The death of Eric Garner was a tragedy. But it shouldn’t obscure a basic truth — the NYPD is one of the most restrained police departments in the country, and can serve as a model for other departments.
In 2013, the department responded to nearly 4.8 million calls. Its officers had millions of additional contacts, including referrals from 311. While most police interactions are service-related, officers made 25,000 arrests involving weapons, and issued hundreds of thousands of summonses for infractions and traffic violations.
All of those situations are freighted with the potential for unpleasant, even violent endings.
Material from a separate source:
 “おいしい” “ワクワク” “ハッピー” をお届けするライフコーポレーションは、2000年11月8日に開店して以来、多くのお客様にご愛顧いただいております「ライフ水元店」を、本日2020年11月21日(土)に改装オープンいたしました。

Yet in 2013, the department’s 35,000 officers were involved in just 40 shooting incidents with adversaries who were almost invariably armed or engaged in genuinely threatening behavior. They fired 248 shots, the lowest number in 42 years (the number was 2,510 in 1972). The NYPD rate of shootings is less than 5 per million. In Chicago, by comparison, it’s 13.2 per million population. (In fairness, Chicago has many areas where gun-related crime is entrenched.)
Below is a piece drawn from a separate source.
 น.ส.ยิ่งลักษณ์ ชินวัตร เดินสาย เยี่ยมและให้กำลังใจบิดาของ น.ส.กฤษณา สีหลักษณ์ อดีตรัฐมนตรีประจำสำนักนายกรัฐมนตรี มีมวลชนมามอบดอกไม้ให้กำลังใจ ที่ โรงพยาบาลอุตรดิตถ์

At the heart of New York’s firearms restraint are good policies and training that emphasizes the importance of using every alternative to firearms. Cops themselves take pride in working in a department where resorting to firearms is an absolute last option. Department guidelines, recruitment and in-service training emphasize a reverence for human life. Each week, cops are confronted with situations where they could shoot and don’t.
Last Tuesday, in Brooklyn, NYPD cops showed remarkable courage and restraint after facing down a knife wielding man who had just stabbed a student. Only when they had no other choice — after literally begging the man to drop the bloodied weapon — did the officer fire.
The NYPD workforce mirrors the city it polices. Twenty-three percent of the uniformed force is black. Hispanics account for 28 percent, and Asians consist of 13 percent. In fact, a majority of the NYPD’s patrol force is non-white. Today’s street officers also operate in an environment where it is likely that a camera somewhere will record his deeds and sometimes words.
The Bill de Blasio administration has inherited a super safe city and has so far been able to report historically low crime statistics. At the same time, this administration has wisely curtailed the footprint of the police, choosing to reserve street stops for those involved in legitimately suspicious conduct.
The city’s police commissioner, who is well respected by cops, comes to New York from Los Angeles, a city that went through a wrenching period where the agency was accused of having an abusive culture which culminated in the appointment of a federal overseer for the LAPD. While this was no doubt a painful experience for William J. Bratton, it serves him well as New York’s top cop tries to keep the city safe while at the same time delivering equal justice on the city’s streets.
Where the NYPD has been tarnished, it has been in large part because of political and police leadership failures. The seeds of the Garner tragedy were sown when the officers were ordered to make a custodial arrest of someone committing a trivial tax crime. The Sean Bell case which rocked the department in 2006 involved city officials choosing a police-driven strategy to shutter a social club when civil enforcement would have been far less risky. NYPD brass failed when it heedlessly over-expanded an elite unit, Street Crime, and allowed systems of supervision and accountability to corrode: Amadou Diallo an unarmed immigrant mistakenly shot by police may have paid the price. After tragic events in New York and Missouri, a tremendous amount of commentary and attention has centered on the accountability of front line officers which is understandable. But making policing better, and preventing tensions and tragedies requires political and police leaders to make difficult, not always popular decisions. Wish I could say that my confidence is high about that.